An Optimized Parallel Confidence Measures Algorithm On Web Log Data

DOI : 10.17577/IJERTV2IS4388

Download Full-Text PDF Cite this Publication

Text Only Version

An Optimized Parallel Confidence Measures Algorithm On Web Log Data

Khushboo Sharma M.tech(c.s.e.)

DR. C. V. Raman University

Mr. S. R. Tandan Asst. proff. C.S.E. dept

Dr. C. V. Raman University

Abstract

The enormous content of information on the World Wide Web makes it obvious candidate for data mining research.

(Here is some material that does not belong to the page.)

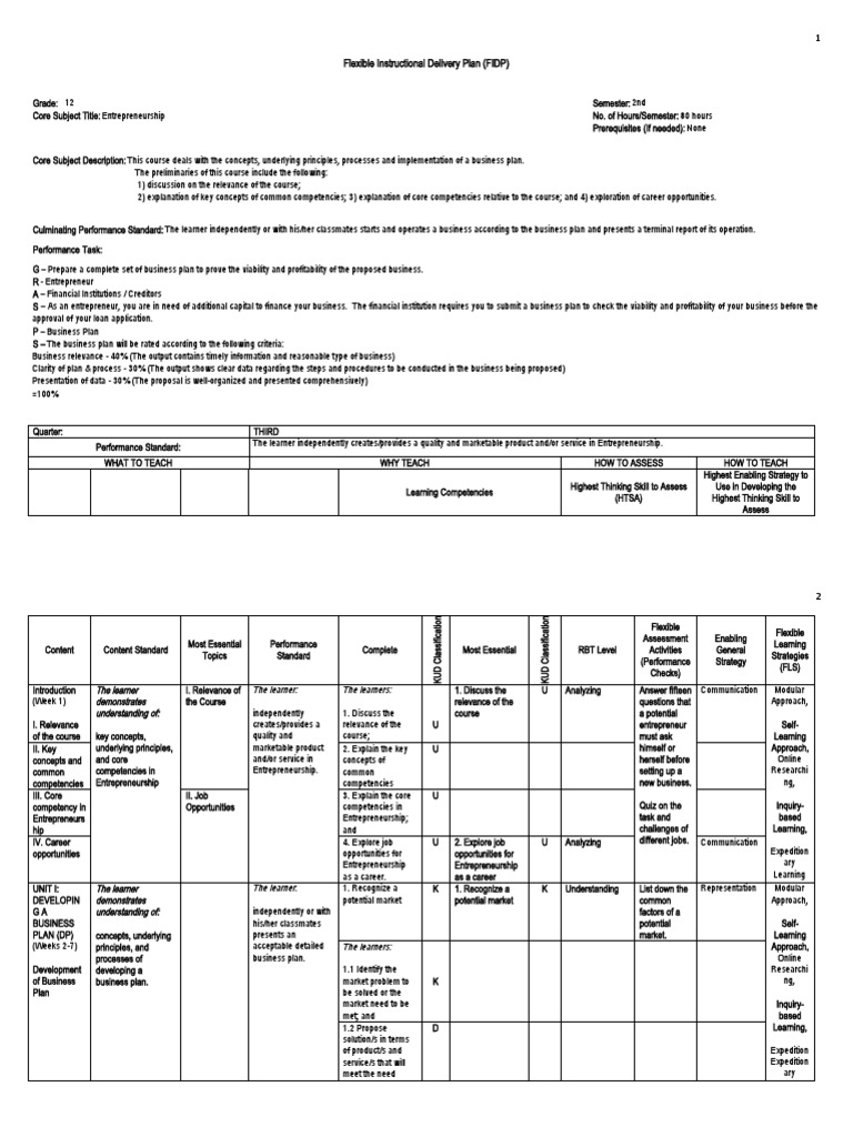 Culminating Performance Standard: The learner independently or with his/her classmates starts and operates a business according to the business plan and presents a terminal report of its operation.

Web usage mining is the type of Web mining activity that involves the automatic discovery of user access patterns or association rules from one or more Web servers. Most of the existing algorithms of association rule mining require multiple passes over the database for discovering frequent patterns resulting in a large number of disk reads and placing a huge burden on the input/output subsystem. However, the work so far has been concentrated on designing serial algorithms. Since the databases to be mined are often very large (measured in gigabytes and even terabytes), parallel algorithms are required. Here, Web Usage Mining, approach has been combining with the Association Rules, parallel confidence measure Algorithm to optimize the content of the World Wide Web.

  1. Introduction

    Data mining is a technique used to deduce useful and relevant information to guide professional decisions and other scientific research [9]. It is a cost-effective way of analyzing large amounts of data, especially when a human could not analyze such datasets.

    With the explosive growth of data available on the World Wide Web, discovery and analysis of useful information from the World Wide Web becomes a practical necessity. Information provided are interested in techniques that could learn Web users information needs and preferences. This can improve the effectiveness of their Web sites by adapting the information structure of the sites to the users behavior.

    Web mining [10] is the application of data mining technologies to huge Web data repositories. Basically, there are two domains that pertain to Web mining: Web content mining and Web usage mining. The former is the process of extracting knowledge from the content of Web sites, whereas the latter, also known as Web log mining, is the process of applying data mining techniques to the discovery of usage

    patterns from Web data and is targeted towards applications. Web Usage Mining mines the secondary data (Web server access logs, browser logs, user profiles, registration data, user sessions or transactions, cookies, user queries, mouse clicks and any other data as the result of interaction with the Web) derived from the interactions of the users during certain period of Web sessions.

    There are many efforts towards mining various patterns from Web logs, e.g. [4, 11, 15]. Web access patterns mined from Web logs are interesting and useful knowledge in practice. Examples of applications of such knowledge include improving designs of web sites, analyzing system performance as well as network communications, understanding user reaction and motivation, and building adaptive Web sites [5, 10, 13, 14].

    Sequential pattern mining, which discovers frequent patterns in a sequence database, was first introduced by Agrawal and Srikant [2] as follows: given a sequence database where each sequence is a list of transactions ordered by transaction time and each transaction consists of a set of items, and all sequential patterns with a user-specified minimum support, where the support is the number of data sequences that contain the pattern. Since its introduction, there have been many studies on efficient mining techniques and extensions of sequential pattern mining method to mining other time- related frequent patterns [2, 12, 8, 7, 3, 9, 6].

    All of the above studies on time-related (sequential or periodic) frequent pattern mining adopt an Apriori like paradigm, which promotes a generate and test method: first generate a set of candidate patterns and then test whether each candidate may have sufficient support in the database (i.e., passing the minimum support threshold test).

    However, as these algorithms are level-wise, Apriori

    -like in nature, they encounter the same difficulty when the length of the pattern grows long, which is exactly the case in Web access pattern mining. In Web log mining, the length of Web log pieces can be

    pretty long, while the number of such pieces can be quite huge in practice.

    However, the work so far has been concentrated on designing serial algorithms. Since the databases to be mined are often very large (measured in gigabytes and even terabytes), parallel algorithms[16] are required. We present in this paper parallel algorithm for mining association rules on web log data, an important data mining problem. The algorithm has been designed to investigate and understand the performance implications of a spectrum of trade-offs between computation, communication, memory usage, synchronization, and the use of problem- specific information in parallel data mining. Specifically, The focus of the algorithm is on minimizing communication. It does so even at the expense of carrying out redundant duplicate computations in parallel.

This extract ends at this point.